RECORD SET
########################################
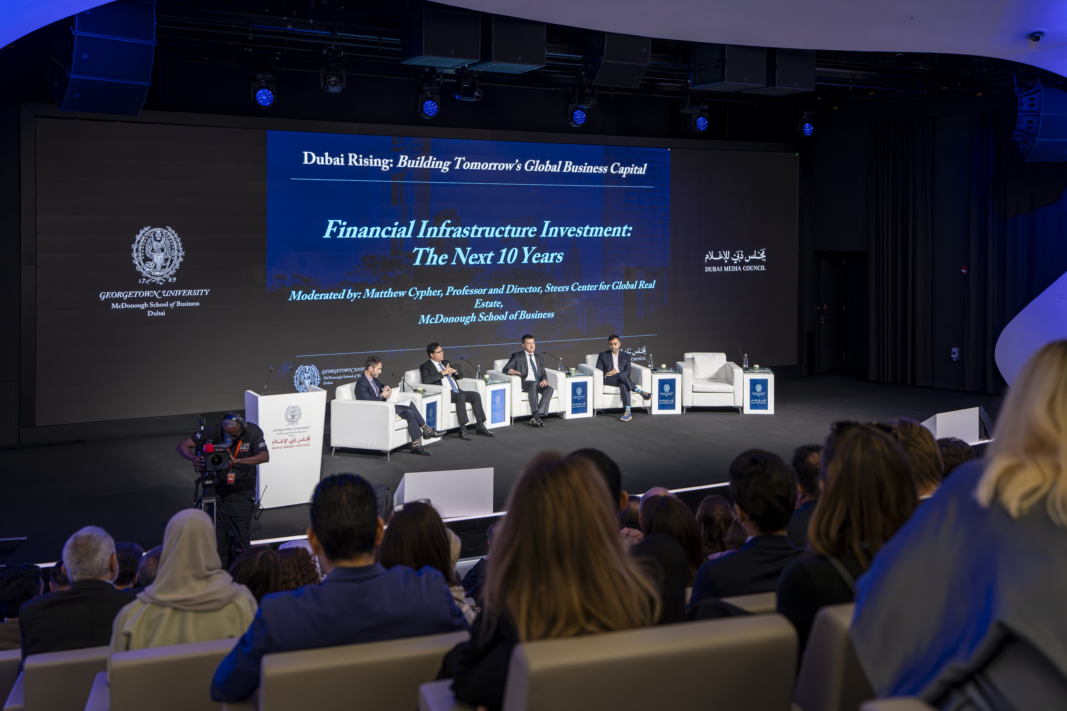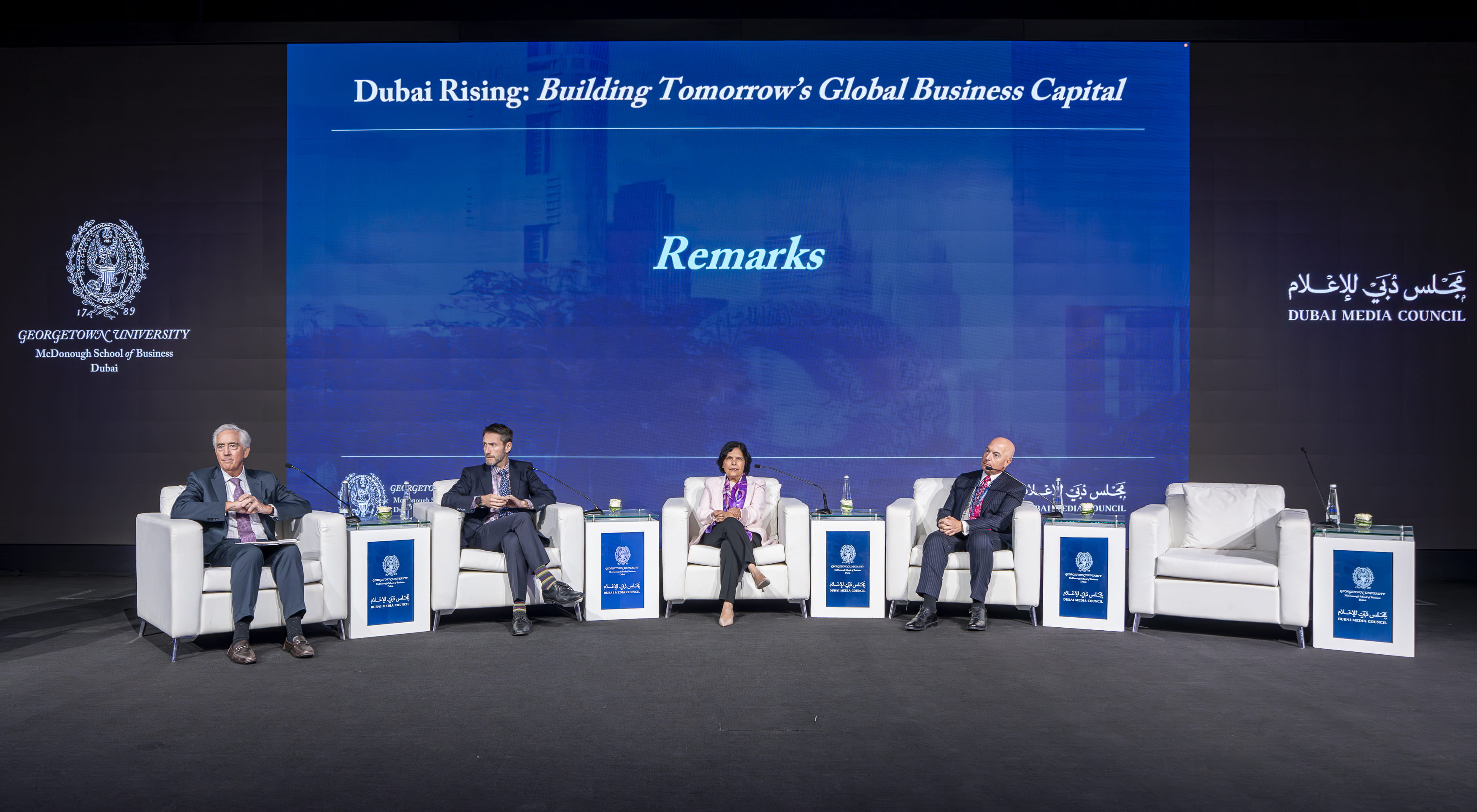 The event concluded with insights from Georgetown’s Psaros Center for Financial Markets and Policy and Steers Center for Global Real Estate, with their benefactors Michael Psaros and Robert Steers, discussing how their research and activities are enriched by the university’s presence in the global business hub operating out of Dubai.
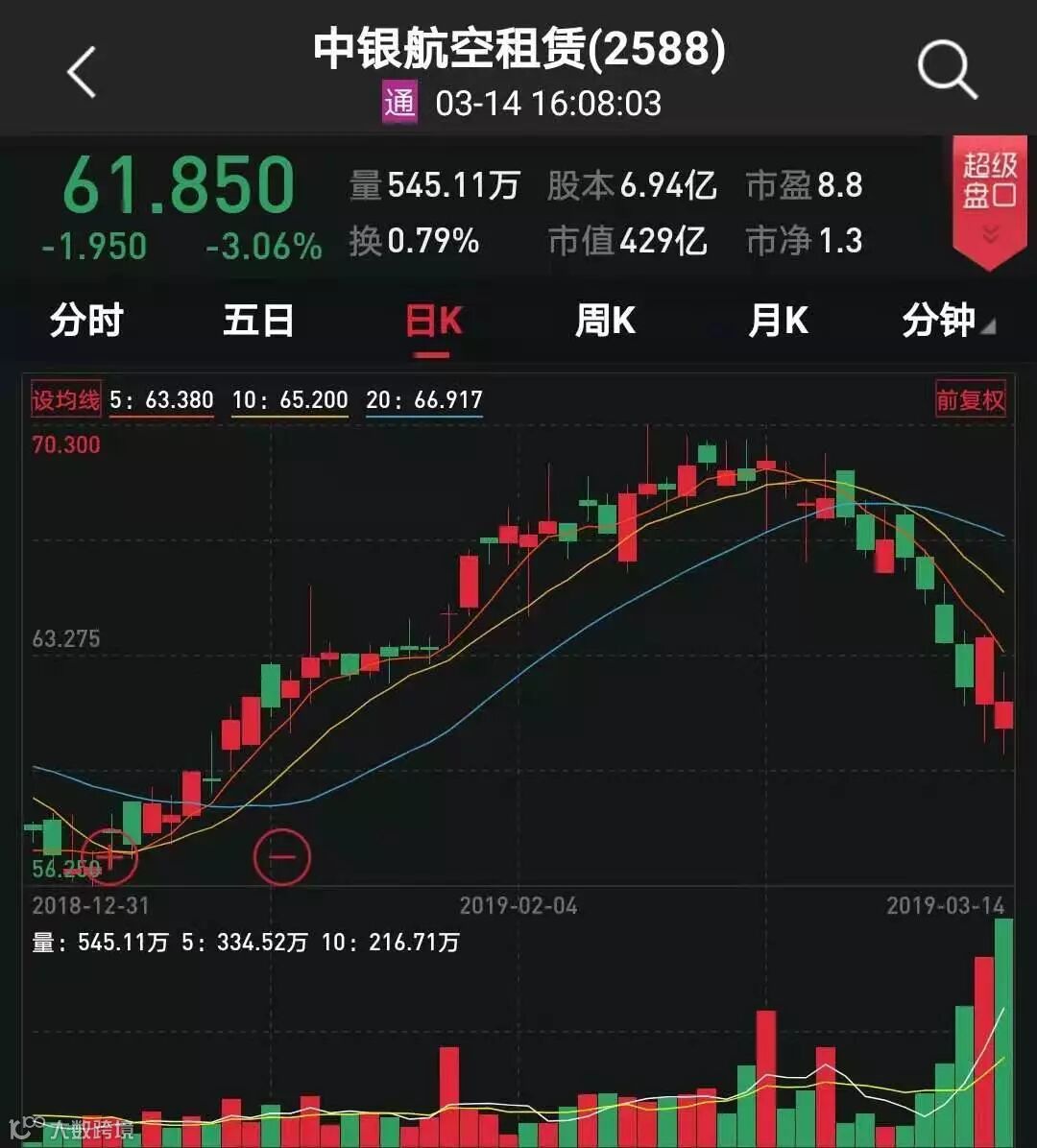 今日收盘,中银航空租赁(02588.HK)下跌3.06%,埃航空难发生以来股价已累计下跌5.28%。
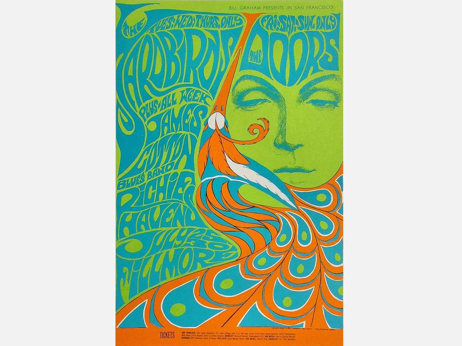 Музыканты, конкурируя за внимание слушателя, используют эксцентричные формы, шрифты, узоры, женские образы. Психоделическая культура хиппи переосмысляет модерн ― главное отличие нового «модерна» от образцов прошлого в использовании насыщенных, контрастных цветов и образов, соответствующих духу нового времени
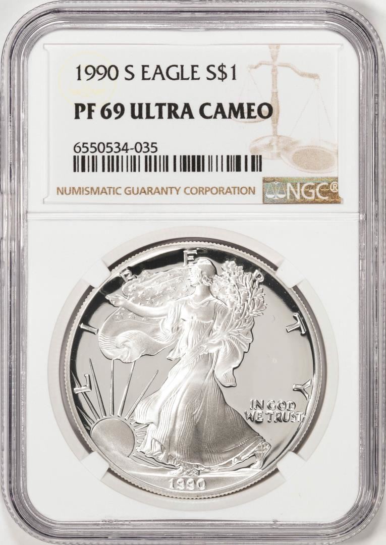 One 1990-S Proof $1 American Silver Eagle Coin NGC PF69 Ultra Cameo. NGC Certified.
########################################
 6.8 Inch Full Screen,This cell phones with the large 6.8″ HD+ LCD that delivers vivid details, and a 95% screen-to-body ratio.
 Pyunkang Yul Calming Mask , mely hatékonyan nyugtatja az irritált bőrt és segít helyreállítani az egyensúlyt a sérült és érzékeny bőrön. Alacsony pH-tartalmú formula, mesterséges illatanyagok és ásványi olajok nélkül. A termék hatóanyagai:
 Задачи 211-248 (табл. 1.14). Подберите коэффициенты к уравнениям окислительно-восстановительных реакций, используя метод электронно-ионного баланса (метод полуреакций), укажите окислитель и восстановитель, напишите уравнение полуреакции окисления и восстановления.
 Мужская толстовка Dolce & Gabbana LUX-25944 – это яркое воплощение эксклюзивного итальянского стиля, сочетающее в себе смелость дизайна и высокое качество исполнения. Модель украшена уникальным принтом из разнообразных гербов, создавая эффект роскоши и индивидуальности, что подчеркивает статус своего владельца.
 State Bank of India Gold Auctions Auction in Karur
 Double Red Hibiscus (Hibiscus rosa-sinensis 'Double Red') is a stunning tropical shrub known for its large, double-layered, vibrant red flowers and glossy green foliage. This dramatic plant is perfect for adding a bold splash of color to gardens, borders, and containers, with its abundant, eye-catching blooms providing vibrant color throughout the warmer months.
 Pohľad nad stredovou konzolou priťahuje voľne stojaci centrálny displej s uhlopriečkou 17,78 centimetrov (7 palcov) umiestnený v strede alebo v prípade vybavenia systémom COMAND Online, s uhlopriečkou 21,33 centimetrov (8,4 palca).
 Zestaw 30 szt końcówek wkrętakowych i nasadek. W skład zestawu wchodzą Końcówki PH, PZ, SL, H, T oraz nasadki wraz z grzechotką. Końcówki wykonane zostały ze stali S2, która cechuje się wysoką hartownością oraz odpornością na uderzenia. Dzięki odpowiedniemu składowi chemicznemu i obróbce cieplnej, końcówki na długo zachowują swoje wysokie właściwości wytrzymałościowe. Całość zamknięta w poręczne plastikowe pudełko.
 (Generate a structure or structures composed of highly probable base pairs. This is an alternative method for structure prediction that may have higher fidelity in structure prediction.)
########################################
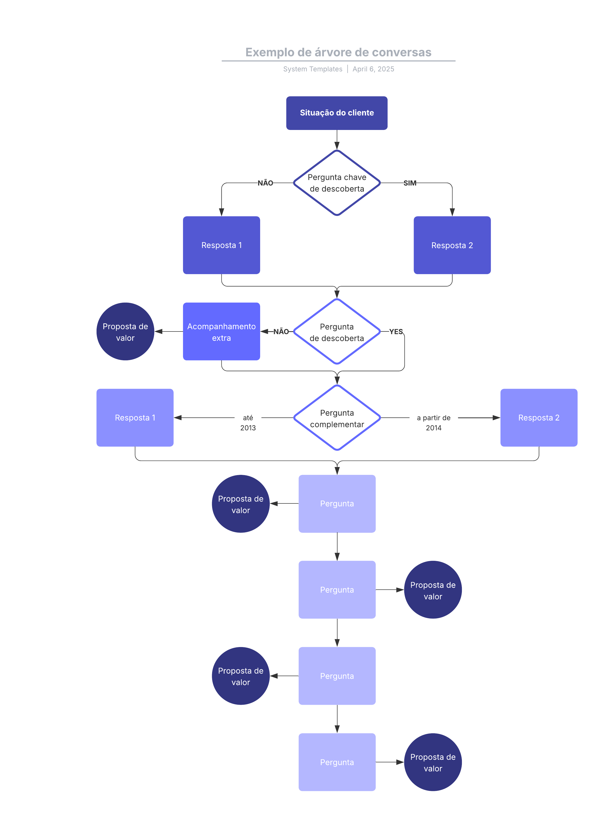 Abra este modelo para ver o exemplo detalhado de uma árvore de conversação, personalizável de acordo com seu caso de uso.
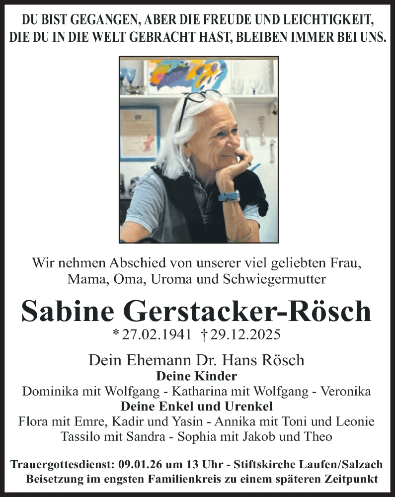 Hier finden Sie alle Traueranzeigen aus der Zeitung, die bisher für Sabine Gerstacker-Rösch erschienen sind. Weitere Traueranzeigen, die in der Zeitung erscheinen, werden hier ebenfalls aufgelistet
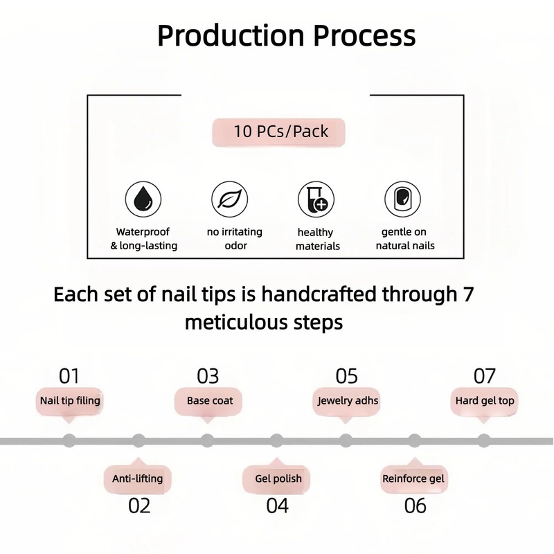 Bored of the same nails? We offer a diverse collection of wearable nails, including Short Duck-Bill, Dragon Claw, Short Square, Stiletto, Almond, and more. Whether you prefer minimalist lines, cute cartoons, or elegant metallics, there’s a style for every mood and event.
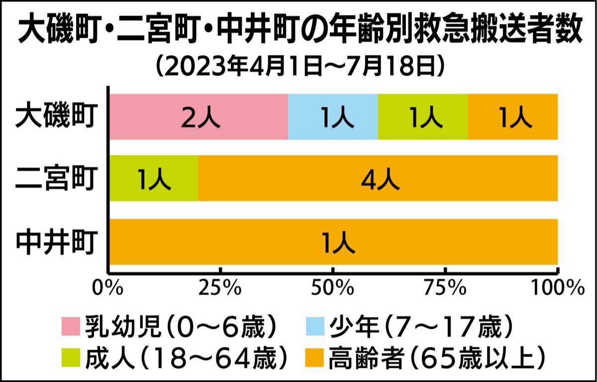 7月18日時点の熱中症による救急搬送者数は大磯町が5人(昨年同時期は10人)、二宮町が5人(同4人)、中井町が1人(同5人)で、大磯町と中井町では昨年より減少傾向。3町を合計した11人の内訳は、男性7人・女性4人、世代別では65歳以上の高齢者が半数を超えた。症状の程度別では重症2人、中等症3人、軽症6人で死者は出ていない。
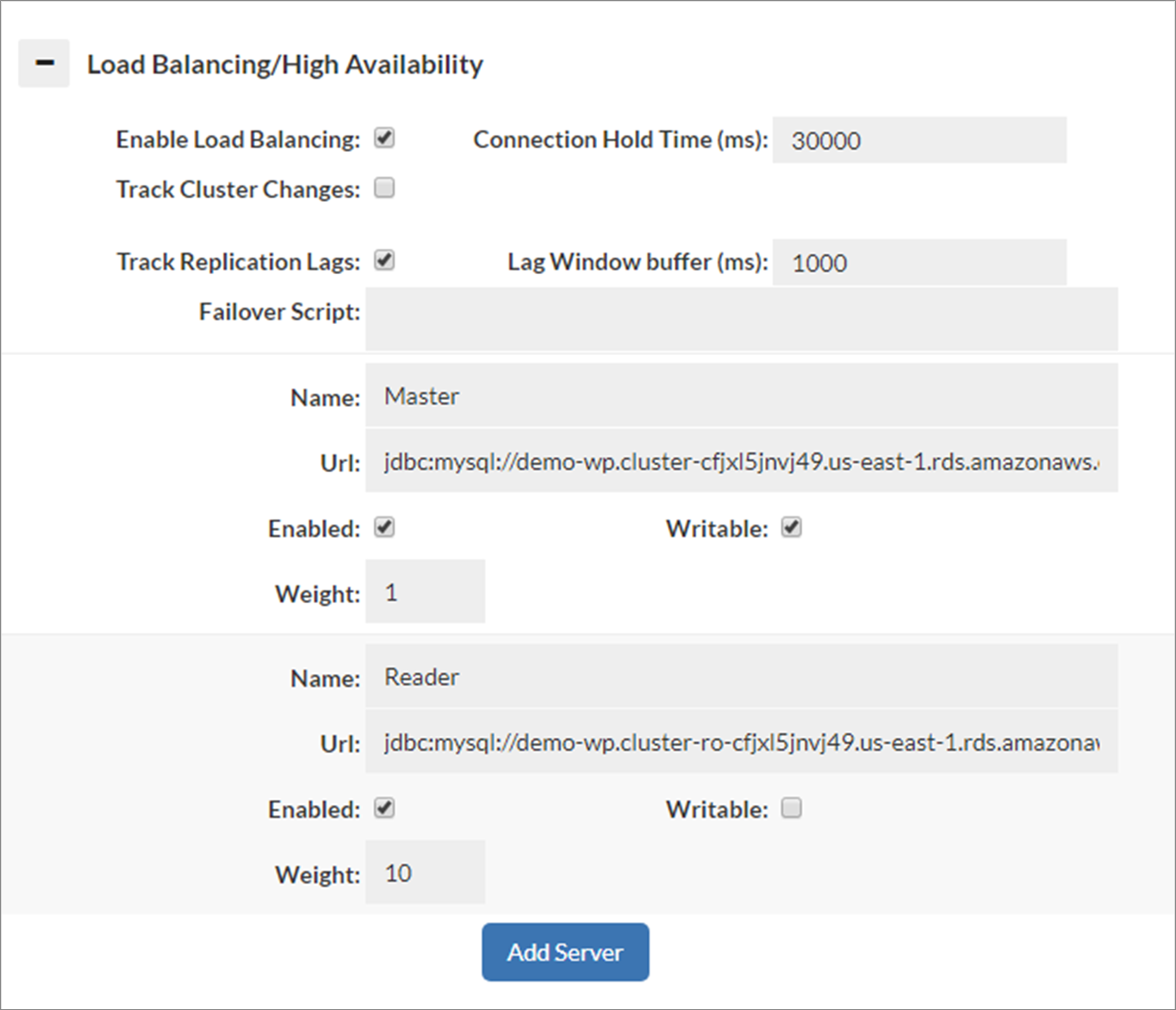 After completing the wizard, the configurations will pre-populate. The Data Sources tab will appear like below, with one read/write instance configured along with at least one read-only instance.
########################################
WHAT TO PRODUCE
Copy the lines above exactly, starting at the one with "Bored of the" and ending at the one with "After completing the", both included. Leave out any pictures and add nothing else.

ANSWER TO THIS PROBLEM
 Bored of the same nails? We offer a diverse collection of wearable nails, including Short Duck-Bill, Dragon Claw, Short Square, Stiletto, Almond, and more. Whether you prefer minimalist lines, cute cartoons, or elegant metallics, there’s a style for every mood and event.
 7月18日時点の熱中症による救急搬送者数は大磯町が5人(昨年同時期は10人)、二宮町が5人(同4人)、中井町が1人(同5人)で、大磯町と中井町では昨年より減少傾向。3町を合計した11人の内訳は、男性7人・女性4人、世代別では65歳以上の高齢者が半数を超えた。症状の程度別では重症2人、中等症3人、軽症6人で死者は出ていない。
 After completing the wizard, the configurations will pre-populate. The Data Sources tab will appear like below, with one read/write instance configured along with at least one read-only instance.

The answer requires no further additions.